On 5/28/04 5:35 AM, in article xDEtc.2$p%6.8514@news.uswest.net, "tflfb"
<fuksatw@qwest.net> wrote:

> Do you waite till your battery fails or replace it when you figure its about
> to.
>
> Thanks
> Tom
>
>

I have never prematurely replaced a battery. They get replaced when a)
outright failure - on the newer cars, this seems to be the way they go, or
b) too weak to crank the engine - haven't had one like this since moving to
Texas in the 1970's.

It doesn't get cold enough here (North Texas) to have the winter
battery-to-weak issues that plague the snow belt cars.

Current experiences:

- Last three Honda/Acuras: original batteries died at 24-27 months in a
one-minute-its-fine-next-minutes-its-stone-cold-dead manner. Honda's
maintenance free batteries don't seem to be able to handle Texas summers.

- Last four Nissan/Infinitis: 6-7 years before failure. These are
traditional screw cap over each cell style batteries. As long as the water
is kept up, they seem to last forever. Here too, when they have died, it
has been the one-minute-its-good-the-next-there-is-nothing mode.

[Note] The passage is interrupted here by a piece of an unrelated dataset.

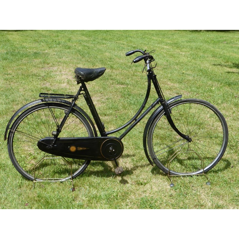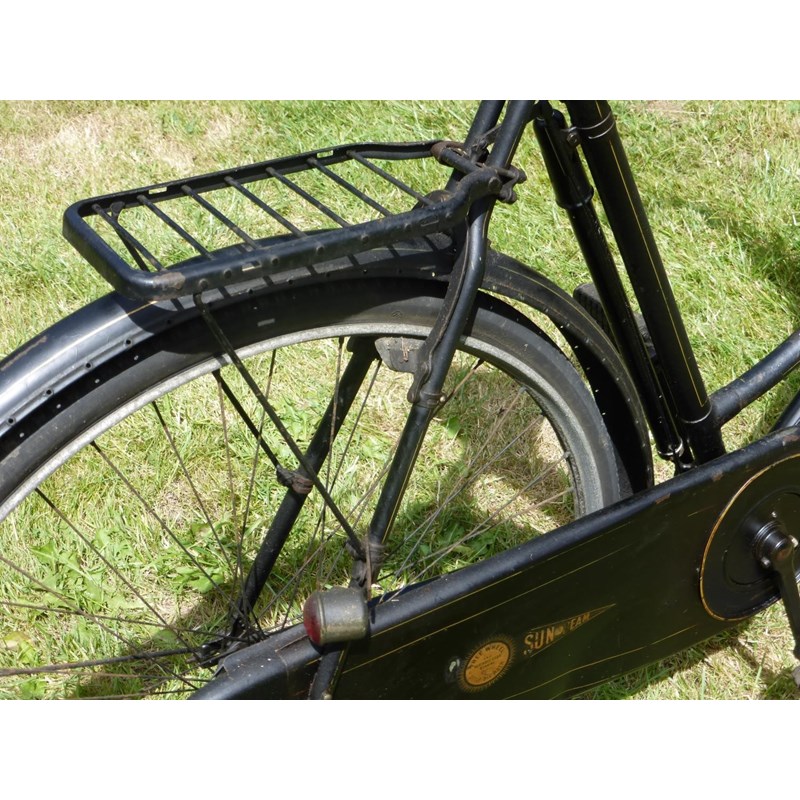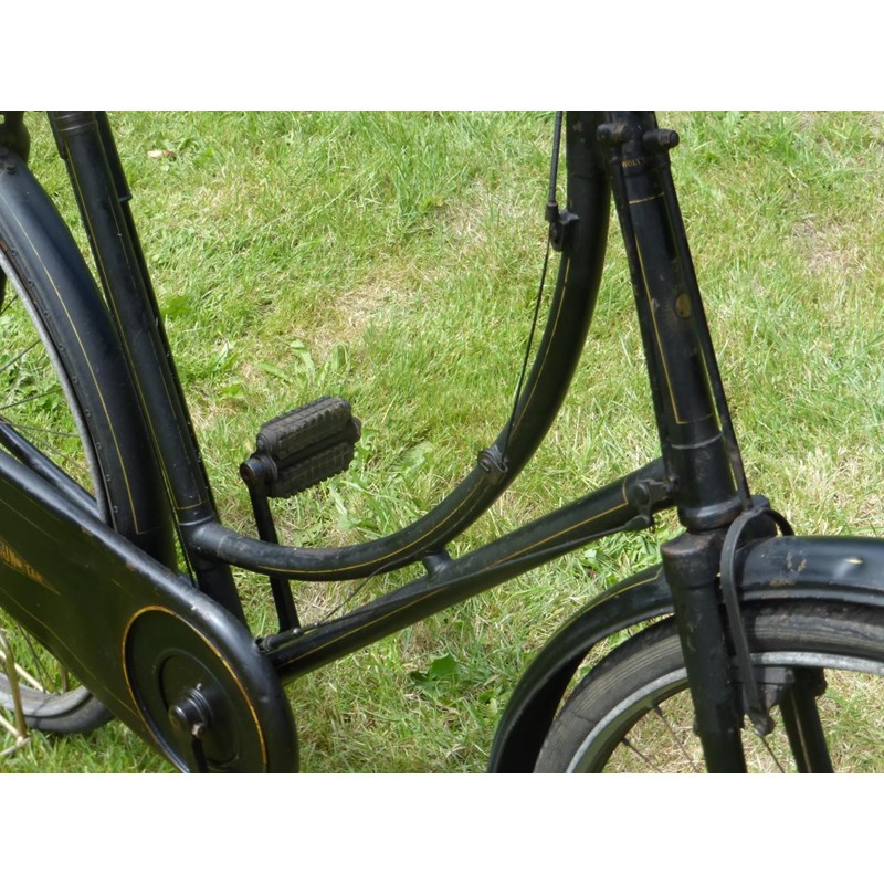 dating c1924 (?), having a frame number of 14784 4. With original black enamel, good box lining, chain case, two-speed bottom bracket, 18-inch handlebars, roller lever brakes, fabric saddle, rear rack and a pneumatic pump.

- Volkswagen: car was 12 months old; drove over a railroad crossing; battery
was instantly dead.

If I had to predict when a battery should be replaced, I would say for this
part of the world, the maintenance free models at 24 months and the
traditional ones at 6 years. For myself, I will stick with the "if it ain't
broke, don't fix it" philosophy.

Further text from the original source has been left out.